Beyond the methodological distinctions between ordinary and quantile regression, the present article also serves an educational purpose. It was designed to illustrate, through a simple epidemiological example, the conceptual foundations and interpretive potential of quantile regression. Rather than emphasizing the empirical findings per se, the analysis aims to demonstrate how quantile regression can be applied and why it may yield richer insights than traditional linear models. In this respect, the article functions as a methodological guide for applied researchers—particularly for those without formal training in advanced statistical modeling—by providing a transparent, intuitive, and reproducible example of the use of quantile regression in population health research [
1,
15,
29]. This pedagogical focus underscores the value of quantile regression not only as a robust analytical method but also as a bridge between statistical theory and practical application in epidemiology and public health.
More broadly, quantile regression has been widely adopted in several scientific domains where distributional heterogeneity is central to inference. In economics, it is routinely used to study wage structures and income inequality; in environmental sciences, to model climatic extremes and pollutant concentration distributions; and in ecology and social sciences, to investigate skewed patterns such as species abundance and socioeconomic disparities. These applications collectively highlight the versatility of quantile regression as a distribution-sensitive analytical tool capable of addressing research questions that cannot be adequately explored using mean-based models alone [
4,
38,
39,
40].
Future methodological work should further explore quantile regression extensions, such as mixed-effects and Bayesian formulations, which could enhance its applicability in longitudinal and clustered epidemiological data [
12,
14,
41,
42,
43,
44].
5. Conclusions
Quantile regression offers a conceptually coherent and empirically flexible framework for epidemiological data analysis. By estimating conditional quantiles rather than conditional means, it enhances the understanding of population variability and uncovers heterogeneity often overlooked by ordinary regression. The method relaxes traditional assumptions, accommodates non-normality and heteroscedasticity, and extends median-based reasoning into a multivariate analytical context.

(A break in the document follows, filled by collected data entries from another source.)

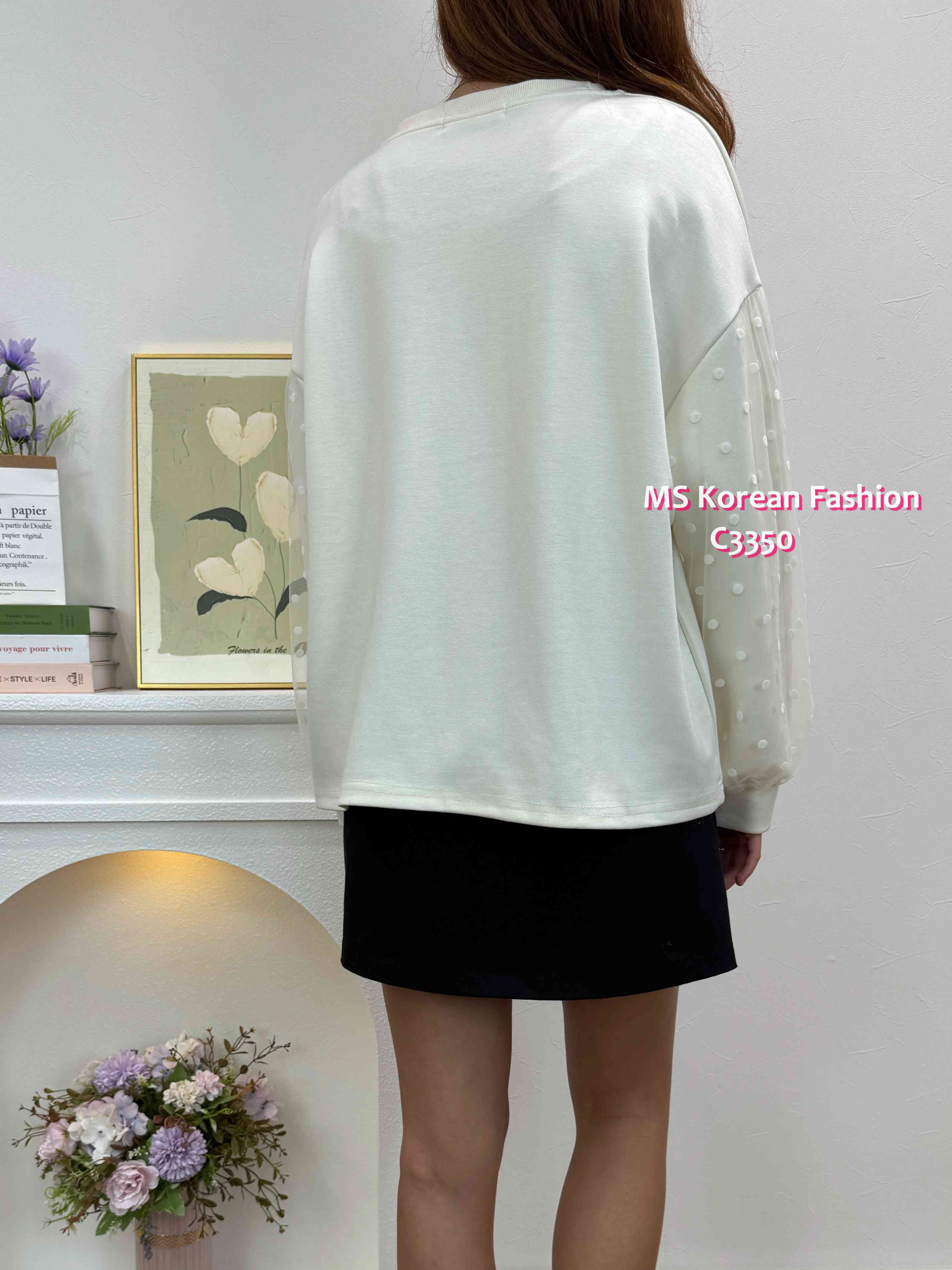 C3350 韓國🇰🇷靚print波點紗袖top
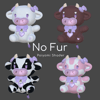❥ Two cow plushies, one small and fluffy, the other big and smooth.
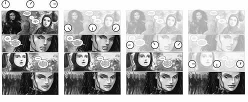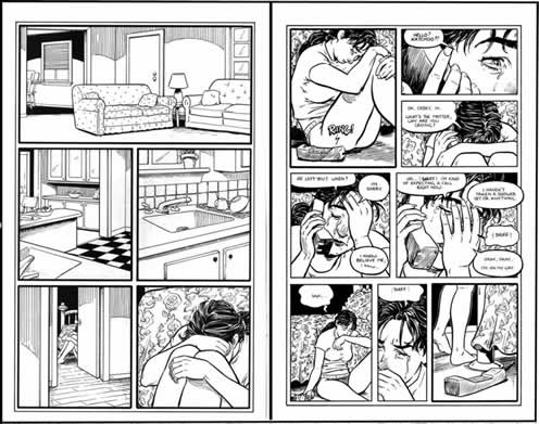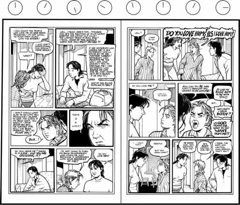 These examples from Terry Moore's Strangers In Paradise shows Francine and Katchoo (the two protagonists) having a loud argument in the other room, while David sits in the living room listening. Moore said that he usually writes a script, but doesn't always follow it. In this particular sequence here, he worked more from the hip. "This sequence came to me while I was designing it; laying it out. I just closed my eyes and pictured the characters arguing, as I was drawing a movie," said Moore. Note that he followed the 180 degree rule (see Chapter 9: Visual Storytelling Rules, for more on the 180 degree rule), where each character stays within their frame space for clarity.
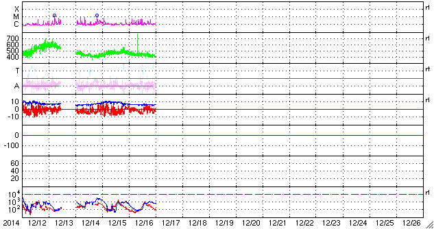- 2014/12/13 13:43 コロナホールの影響で600km/秒の高速太陽風が到来しています。
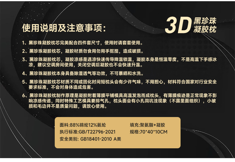 Гелевая подушка Saint Rufus Black Pearl Гелевая подушка из красного агата Подушка для шеи с медленным отскоком Летняя комфортная подушка из черного золота для снятия давления
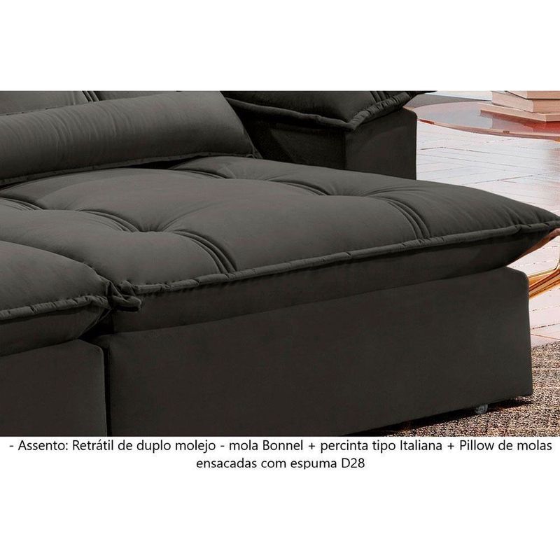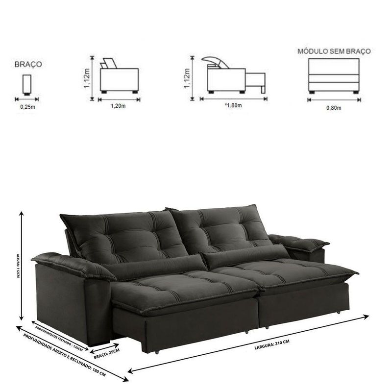 Sofá Retrátil E Reclinável Apolo 2,10m 03 Lugares Mola Ensacada Txr CinzaSuavidade e conforto em sua casa com o Sofá Apolo que possui encosto reclinável, assento com Pillow de molas ensacadas , percinta elástica tipo italiana para maior durabilidade, fibra siliconada, assento retrátil com rodízios que facilitam seu movimento. Características: Marca: TXR Modelo: Apolo Tipo: Sofá 3 lugares Retrátil e Reclinável Estrutura: Madeira de origem certificada, Eucalipto Revestimento: Tecido Veludo Pés: Madeira Reflorestada Assento: Retrátil de duplo molejo - mola Bonnel + percinta tipo Italiana + Pillow de molas ensacadas com espuma D28 Encosto: Reclinável em 5 estágios, 100 fibra de silicone Braços: 25 cm com pillow 100 fibra de silicone Rineira: Almofada de fibra de silicone com zíper Retrátil e Reclinável: Com mecanismo em aço Dimensões: Altura: 112 cm Largura: 210 cm Profundidade Fechado: 120 cm Profundidade Aberto: 180 cm (com encosto reclinado) Peso: 94 kg Garantia do Fornecedor: 03 meses Atenção !!! Não possuímos serviço de montagem. Não nos responsabilizamos pelos custos de montagem. É de extrema importância ficar atento às dimensões dos produtos, pois é de sua total responsabilidade caso o produto tenha dimensões superiores ao local de acesso da entrega dificultando ou impossibilitando que a mesma seja concluída. Não nos responsabilizamos, no ato da entrega, por subir escadas, corredores e elevadores ou transporte por guincho em apartamentos. Não nos responsabilizamos por transtornos com a entrega caso o produto necessite de desmontagem, nem pelos custos gerados por esta situação. Imagens meramente ilustrativas. A cor pode variar de acordo com a iluminação do ambiente. Itens de decoração não inclusos.

As demonstrated in this study, quantile regression complements rather than replaces traditional approaches, providing distribution-sensitive insights that improve the interpretive precision of epidemiological investigations. Broader adoption of quantile regression could strengthen the analytical foundations of population health research by identifying heterogeneous effects and subgroup-specific risk mechanisms that mean-based models may fail to capture.
Although illustrated here with an epidemiological example, the methodological strengths of quantile regression are equally relevant across other fields—such as economics, environmental studies, ecology, and the social sciences—where understanding effects across the entire outcome distribution is often essential. Presented in an applied and accessible context, this paper aims to encourage the wider use of quantile regression among applied researchers across public health and other scientific fields, positioning it both as a robust analytical tool and as an educational bridge toward more distribution-aware approaches to data analysis.